In poche parole, a seguito di tutto ciò, le classi medio-basse sono state lasciate in uno stato di insicurezza e precarietà, in preda ad un sentimento (oserei dire risentimento) di “ingiustizia sociale”, totalmente in balìa della disinformazione dei social, facili prede degli hackeraggi interessati, nonché dei populisti esagitati del “first” (american, european, italian). Sole, in altri termini, in presenza di una palese crisi del sistema della rappresentanza democratica in diversi paesi del mondo, in un momento in cui si profilano all’orizzonte le grandi sfide che l’umanità sarà chiamata ad affrontare nei prossimi anni: dai cambiamenti climatici, all’esaurimento delle risorse e alla scarsità dell’acqua, il bene primario della vita sulla Terra. I segnali del disagio sociale provenienti dalle recenti vicende seguite alle elezioni statunitensi e le manifestazioni politiche in vari paesi, unitamente al clima di intimidazione verso chi si occupa dell’informazione libera, lasciano presagire una lunga stagione di inverno democratico.

di Bruno Soro
Alessandria, 21 febbraio 2021

  1. F. Livorsi, Da Conte a Draghi: l’Italia nuovamente in cammino, disponibile sul sito

    (https://www.cittafutura.al.it/sito/conte-draghi-litalia-nuovamente-cammino/)

  2. Per verificare questa mia osservazione è sufficiente fare riferimento alla cartografia riportata nella voce di Wikipedia relativa all’esito delle Elezioni politiche della Repubblica Italiana dal 2006 al 2018. (https://it.wikipedia.org/wiki/Elezioni_politiche_italiane#Elezioni_politiche_della_Repubblica_Italiana).
  3. B. Soro, L’essenza del sistema parlamentare, Panorama di Novi, 2 ottobre 2020.

2 Commenti

  1. Semplicemente non sono d’accordo. Dare la colpa all’elettorato (italiano o americano) per esiti che non si comprendono o non si condividono, non mi pare il modo migliore per interpretare la fase che stiamo vivendo. Se siamo arrivati a questo punto, con queste migliaia di miliardi di debito pubblico, con lo smantellamento del sistema industriale, con una divaricazione fra chi detiene molto (pochi) e chi ha poco (moltissimi), le ragioni sono da ricercare in troppe furbizie del recente passato. Ho provato a scriverlo più volte ma, evidentemente, non è stato percepito il messaggio.
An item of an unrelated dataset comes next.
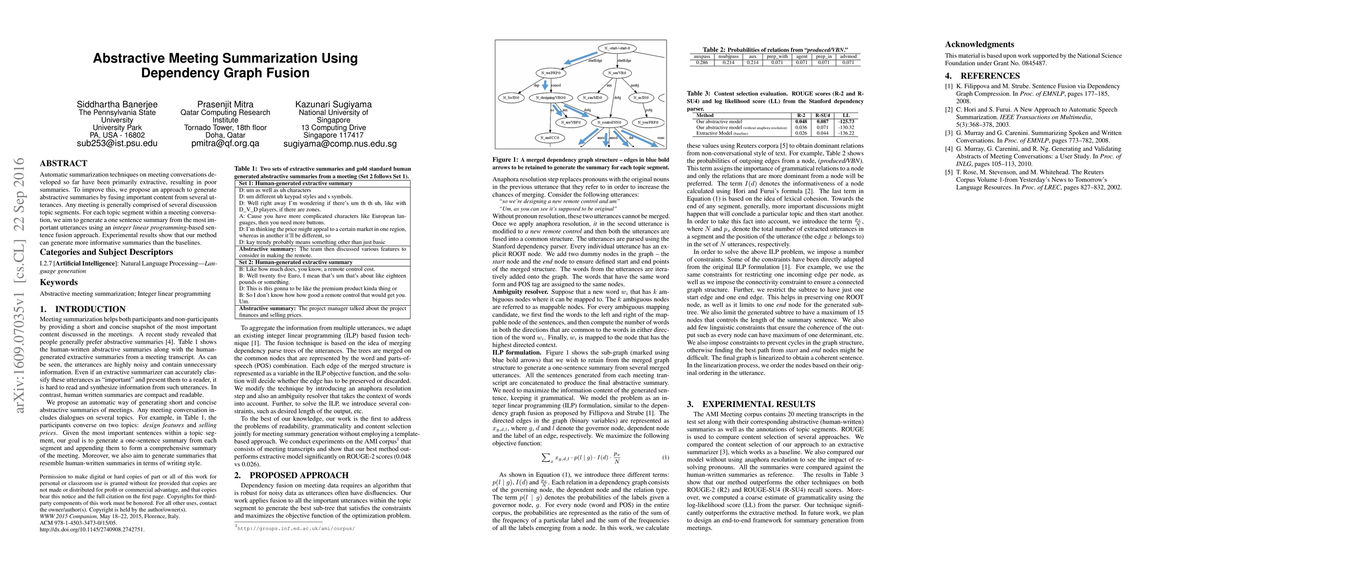 This paper proposes an abstractive summarization method for meeting conversations by fusing key content from multiple utterances using an integer linear programming-based approach. The method generates one-sentence summaries for each discussion topic, resulting in more informative and coherent summaries compared to extractive baselines.

  2. Mi pare che concordiamo al 100%. Veramente! Non ho affrontato il tema dell'”inverno della democrazia”, di cui pure nei tre articoli ultimi e connessi ho parlato, perchè l’avevo già fatto tante tante volte. Mica possiamo sempre tornare sulle stesse cose! Ci penso da anni. Nel 2014 ho persino pubblicato, da Moretti & Vitali un romanzo-saggio a sfondo distopico temendo sviluppi catastrofici da parte di un presidente americano capitalista e cinico … tra cinquant’anni. Ma si sa che si parla sempre, esagerando, per il presente: “Kali Yuga. Il crepuscolo del nostro mondo”.
    E l’Italia, specie dal 2017, è per me motivo di sconforto. Ero anzi quasi deciso a non parlare più di politica attuale, prima della crisi del “Conte due”: governo che mi pareva totalmente inadeguato non in assoluto, ma rispetto all’emergenza e possibilità economiche, tanto che da molto tempo preferivo riflettere su socialismo e post-socialismo, con piccoli saggi filosofico politici e per un tempo in cui saremo morti (e che pubblicherò). Tuttavia ho avuto la lieta sorpresa di vedere che “anche da noi”, nonostante la crisi epocale, qualcosa si muove. Il governo Draghi è figlio della crisi della democrazia, ma anche della reazione a tale crisi. Qualcuno si è mosso, e non al di là del sistema ma dal cuore del sistema. E mi è parso bello che le forze politiche, pur in grande e epocale crisi, “al dunque” si siano accordate. Quasi tutte. Giustamente borbottando, ma era il minimo. Il Paese in crisi, e fazioso come pochi altri al mondo, però non stupido, invece di fare come altri che fanno follie stile Brexit oppure vedono gente che incendia automobili nelle grandi periferie, ha preferito “farsi furbo”: ha accettato di mettere in campo il meglio che ha. Qualcuno, anche sbagliando, ha aperto la strada. Mattarella ha messo in campo quanto di meglio abbiamo, in Italia e in Europa. L’85% ha detto sì. No bad! C’é almeno qualche ragione per sperare.